1

I want to generate N letter permutations of a given string using bash scripting

I have successfully written a code to find the permutation of a given word. However, I can't seem to get the permutation up to N letters. Note: I have to avoid the use of sed and awk commands. Here's what I have tried:

#!/bin/bash
x=$1
counter=0
ARRAY=()
function permutate {
    if [ "${#1}" = 1 ]; then
       echo "${2}${1}"
    ARRAY+=("${2}${1}")
    else
        for i in $(seq 0 $((${#1}-1)) ); do
            pre="${2}${1:$i:1}"
            seg1="${1:0:$i}"
            seg2="${1:$((i+1))}"
            seg="${seg1}${seg2}"
            permutate "$seg" "$pre"
        done
    fi
}
permutate $x

For example, if I have a word "JACK" and I want 3 letter permutations then it should give: JAC KJA JAK etc... But I can't seem to get to the bottom of it.

Muhammad Umer
  • 69
  • 1
  • 11
  • 1
    sed has absolutely nothing to do with a task like this but the whole thing should just be done in awk or you'll spend hours of your life waiting for the shell script to return for a reasonably long word - why are you trying to avoid awk? – Ed Morton May 05 '19 at 19:28
  • 1
    I wonder if it's one of your fellow students who asked https://stackoverflow.com/questions/55991544/how-to-write-to-array-in-bash/55993952 (about a different problem encountered while trying to attack the same problem) earlier today? – Charles Duffy May 05 '19 at 21:46

4 Answers4

3

Permutations of letters can be obtained by brace-expansions. Example:

$ echo {A,B}{A,B}
AA AB BA BB

So the idea is to exploit this brace expansion a bit. Let's say you have a string str, then you can obtain a brace expansion as:

$ str="JACK"
$ eval echo "{$(echo "$str" | fold -w1 | paste -sd,)}"
J A C K

You can see step by step what this does:

$ echo "$str" | fold -w1 | paste -sd,
J,A,C,K
  • fold -w1 places each character of $str$ on a single line
  • paste -sd, merges all lines on a single line with a comma in-between.

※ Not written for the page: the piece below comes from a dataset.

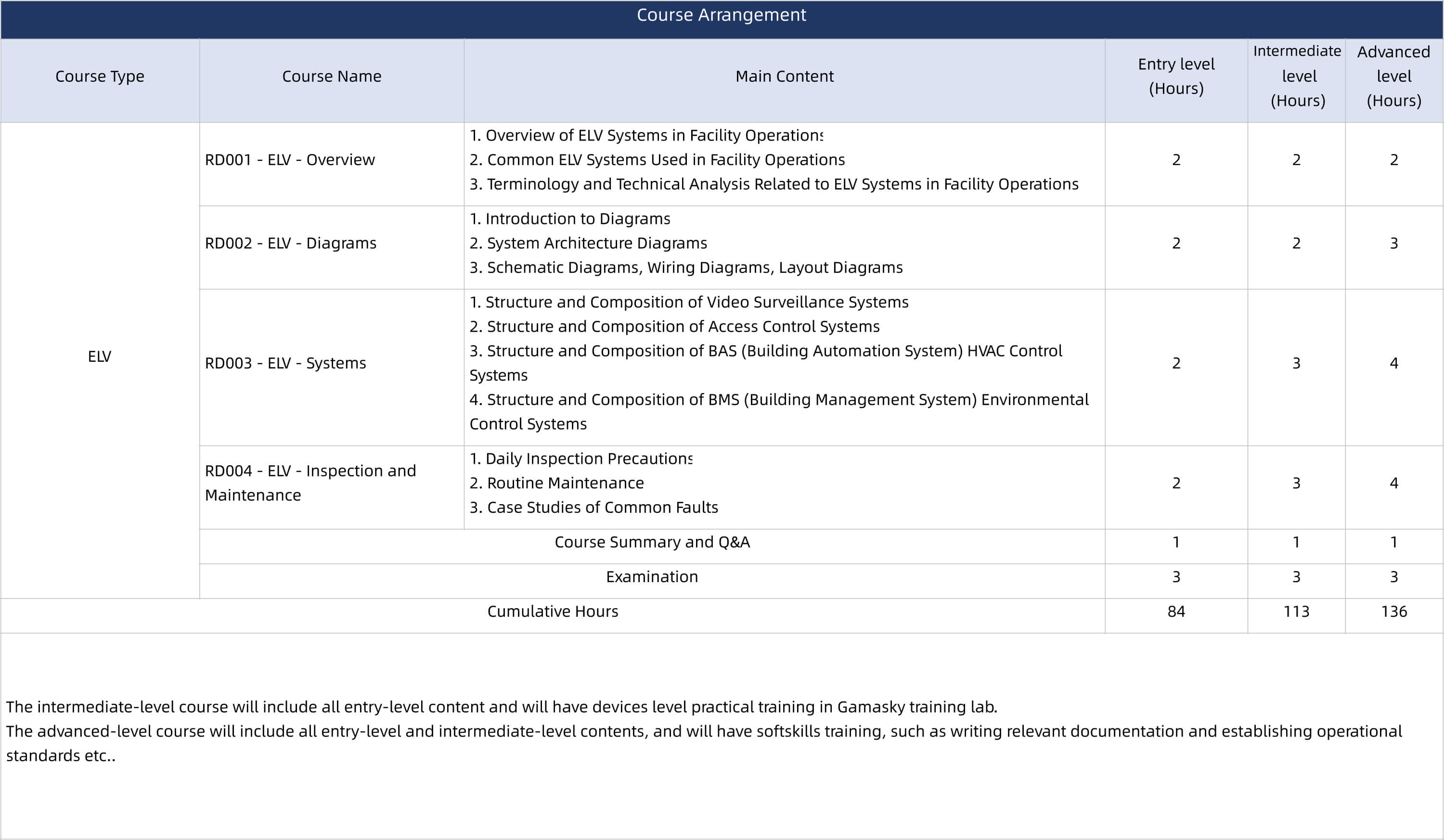 Each module incorporates disciplines like mechanics, electrical systems, automation control, fire protection, and integrated management to ensure comprehensive knowledge and skill development.

We need this combination as we cannot use sed. The command eval will, in the end, enforce the brace expansion.

The key is now to repeat the brace expansion n-times. For this, we make use of printf. If you have a string "foo" you can repeat it n times with printf in the following way:

$ printf "foo%.0s" {1..3}
foofoofoo

So, all permutations, with repetitions, can be found as:

$ str="JACK"
$ n=3
$ bracestring=$(printf "{$(echo "$str" | fold -w1 | paste -sd,)}%.0s" $(seq 1 $n))
$ eval echo $bracestring
JJJ JJA JJC JJK JAJ JAA JAC JAK JCJ JCA JCC JCK JKJ JKA JKC JKK AJJ AJA AJC AJK AAJ AAA AAC AAK ACJ ACA ACC ACK AKJ AKA AKC AKK CJJ CJA CJC CJK CAJ CAA CAC CAK CCJ CCA CCC CCK CKJ CKA CKC CKK KJJ KJA KJC KJK KAJ KAA KAC KAK KCJ KCA KCC KCK KKJ KKA KKC KKK
kvantour
  • 25,269
  • 4
  • 47
  • 72
2

Here's a start using an awk implementation of Heap's algorithm to generate permutations of maxLgth substrings from a list of strings:

$ cat npermutations.awk
function get_perm(A,            i, lgth, sep, str) {
    lgth = length(A)
    lgth = (lgth > maxLgth ? maxLgth : lgth)
    for (i=1; i<=lgth; i++) {
        str = str sep A[i]
        sep = " "
    }
    return str
}

function swap(A, x, y,  tmp) {
    tmp  = A[x]
    A[x] = A[y]
    A[y] = tmp
}

function generate(n, A, B,      i) {
    if (n == 1) {
        B[get_perm(A)]
    }
    else {
        for (i=1; i <= n; i++) {
            generate(n - 1, A, B)
            if ((n%2) == 0) {
                swap(A, 1, n)
            }
            else {
                swap(A, i, n)
            }
        }
    }
}

function get_perms(A,B, lgth) {
    lgth = length(A)
    maxLgth = (maxLgth ? maxLgth : lgth)
    generate(lgth, A, B)
}

###################

# Input should be a list of strings
{
    split($0,A)
    delete B
    get_perms(A,B)
    PROCINFO["sorted_in"] = "@ind_str_asc"
    for (perm in B) {
        print perm
    }
}

eg using sed to convert a word into a list of strings as the awk script expects:

$ echo jack | sed 's/./ &/g' | awk -v maxLgth=3 -f npermutations.awk
a c j
a c k
a j c
a j k
a k c
a k j
c a j
c a k
c j a
c j k
c k a
c k j
j a c
j a k
j c a
j c k
j k a
j k c
k a c
k a j
k c a
k c j
k j a
k j c

Convert to shell if that's really what you want to do but hopefully you can see the structure of how to approach the problem. The above uses GNU awk for sorted_in to sort the output but you don't need that.

Ed Morton
  • 188,023
  • 17
  • 78
  • 185
  • 1
    I am not allowed to use awk – Muhammad Umer May 05 '19 at 20:05
  • Right you said that but I'm showing you an algorithm to do it in awk (since that's one tool you REALLY could use if you had to do this in earnest) which you can then translate to shell for homework purposes. Create shell functions instead of awk functions, use `local var` to declare local variables (the ones after large spaces in the awk function params list that aren't actually provided in the calling code) and make whatever other obvious syntactic tweaks are necessary to convert the awk syntax to shell syntax. – Ed Morton May 05 '19 at 20:17
1

Print all the unique permutations by using your existing code.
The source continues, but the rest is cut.